I found documentation for nvfortran that indicated that was the default, but would be turned off if certain compiler optimizations were invoked, but that does not seem to be correct from your results.

My own scripts and fpm --profile debug both add it:

-Minform=inform -Mbackslash -Mbounds -Mchkptr -Mchkstk -traceback

Note that gdb(1) has many options for running in batch mode, and you can launch the application with gdb. Without trying it (so might be typos, but close) something like

gdb -batch -ex run -ex where -ex list -args "COMMAND ARGUMENTS" 

may be enough. The -x option allows you to set up much more elaborate scripts. I used a script that was used in batch scripts for years that did something along those lines; but there was a trick to short-circuit it when it succeeded so subsequent commands were not run when the run was successful that I do not remember at the moment. The gdb(1) web page almost certainly has examples of running in batch. Assuming it is rerunnable and has a short run time on Linux/Unix
you can also say to run command and then only run it again if the initial run fails quite simply as
well, using something like

CMD ARGS || gdb CMD -args ARGS -ex run -ex where -batch

as an alternative to allowing and processing a dump. The details can vary, bugt gdb(1) is definitely usable in batch mode.

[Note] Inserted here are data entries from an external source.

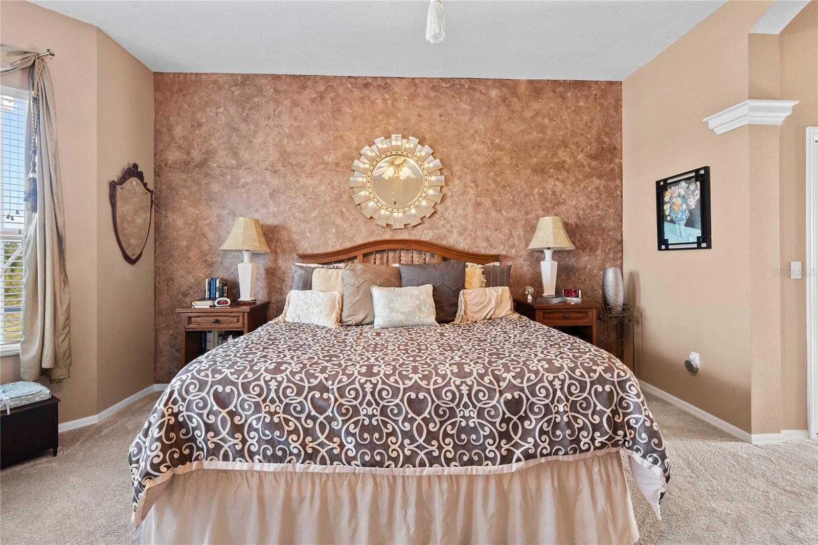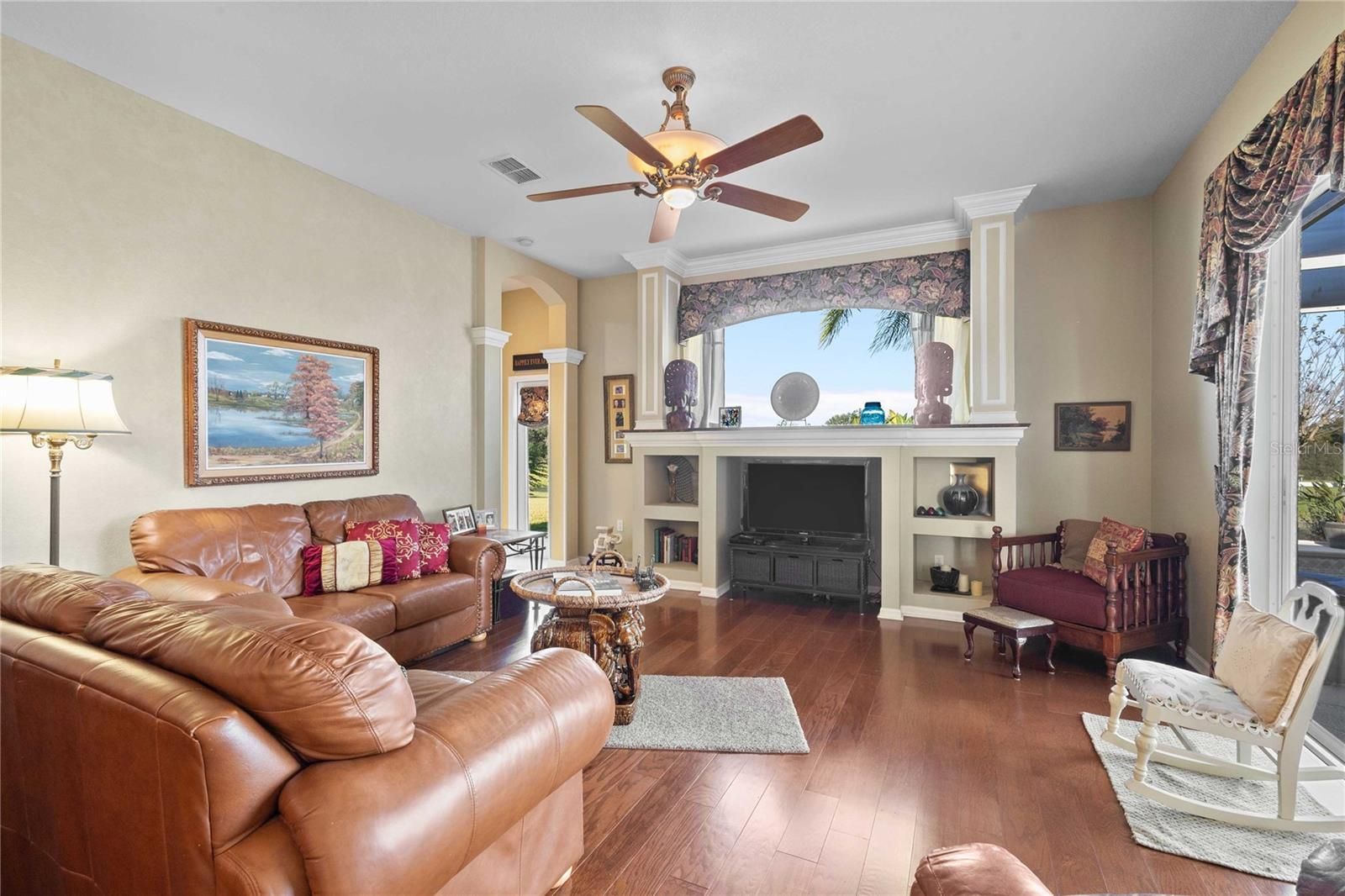 - Ceiling Fan(s), Crown Molding, High Ceilings, Open Floorplan, Walk-In Closet(s)
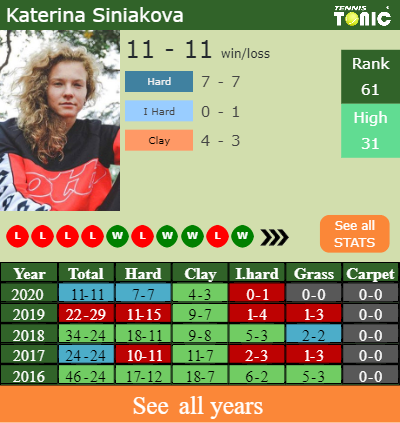 Katerina has a 11-11 win-loss record in 2020, 4-3 on clay (See FULL STATS).
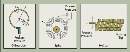 A Bourdon tube is C-shaped and has an oval cross-section with one end of the tube connected to the process pressure (Figure 3-1A). The other end is sealed and connected to the pointer or transmitter mechanism. To increase their sensitivity, Bourdon tube elements can be extended into spirals or helical coils (Figures 3-1B and 3-1C). This increases their effective angular length and therefore increases the movement at their tip, which in turn increases the resolution of the transducer.
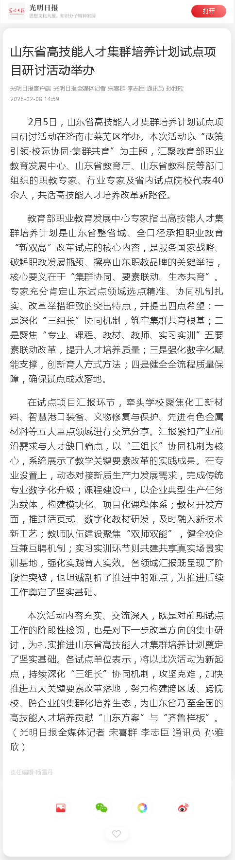 【光明日报】山东省高技能人才集群培养计划试点项目研讨活动举办
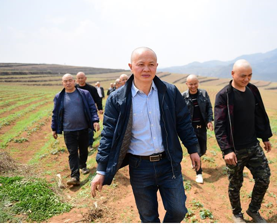 3月22日,在贵州省毕节市赫章县双坪乡贵州九鼎农业发展有限公司中药材种植基地,陈润华(前)带着他的团队成员前去查看中药材长势。
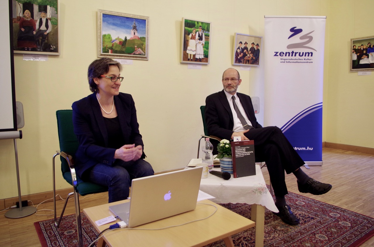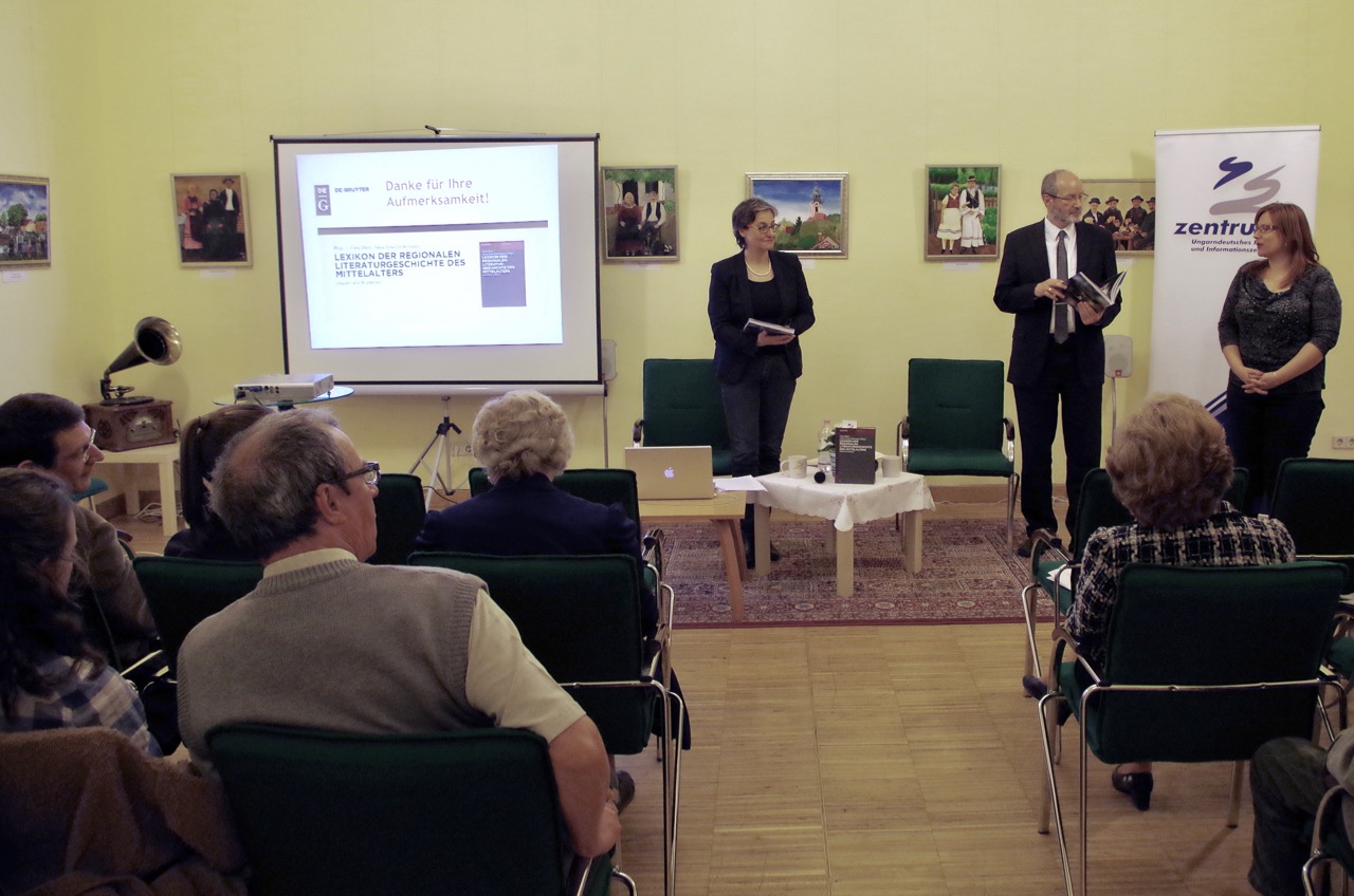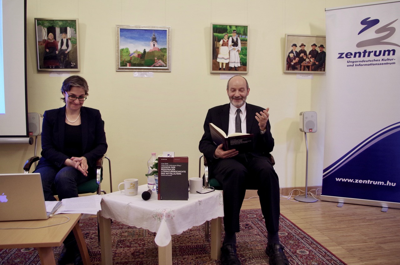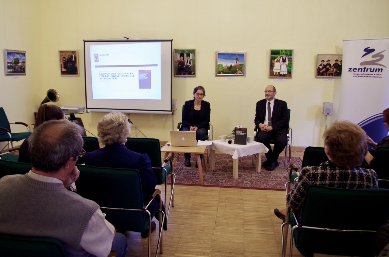Eine zehnjährige harte Arbeit kam mit dem Erscheinen des Buches „Lexikon der regionalen Literaturgeschichte des Mittelalters. Ungarn und Rumänien“ zum Abschluss. Die Publikation stellten Cora Dietl (Justus-Liebig-Universität Gießen), eine der Herausgeberinnen des Lexikons und Mitglied des Teams, das an der Zusammenstellung des Buches gearbeitet hat, und András F. Balogh (ELTE Budapest) am 28. März im Rahmen der Veranstaltungsreihe „Zentrum-Programme im HdU” im Haus der Ungarndeutschen vor.
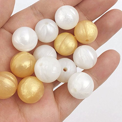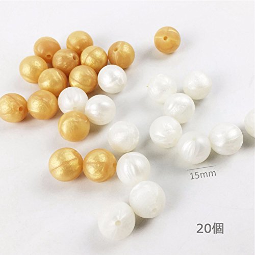 Mamimami Home 歯固め シリコーンビーズ ゴールド/パールホワイト 15MM DIY 看護アクセサリービーズ おしゃぶり 噛むガラガラ ネックレス 20個「BPAフリー」「FDA認可済」
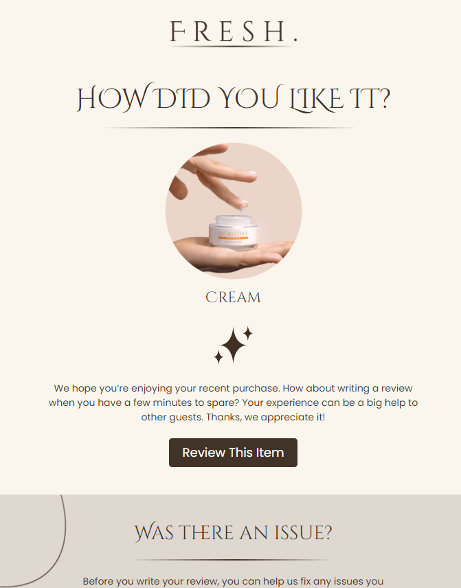 Designed with simplicity and efficiency in mind, this follow-up email template features a clean and streamlined design that is perfect for requesting post-purchase feedback from your valued customers.

The new line in your output

/a.out(MAIN_: MAIN_ at /home/zaikunzhang/tmp/nv.f90:9) [0x401308]

now indicates to look at line nine in file nv.f90.

PS:

It was a long time ago I first heard “To err is Human. To really foul things up requires a computer.”. That has really held up well over the years.

1 Like

Sorry, I overlooked this particular line. It is sufficient for my use.

Thank you @urbanjost very much for taking time to introduce the batch mode of gdb. This is very useful and I will try it in my tests later. Thanks.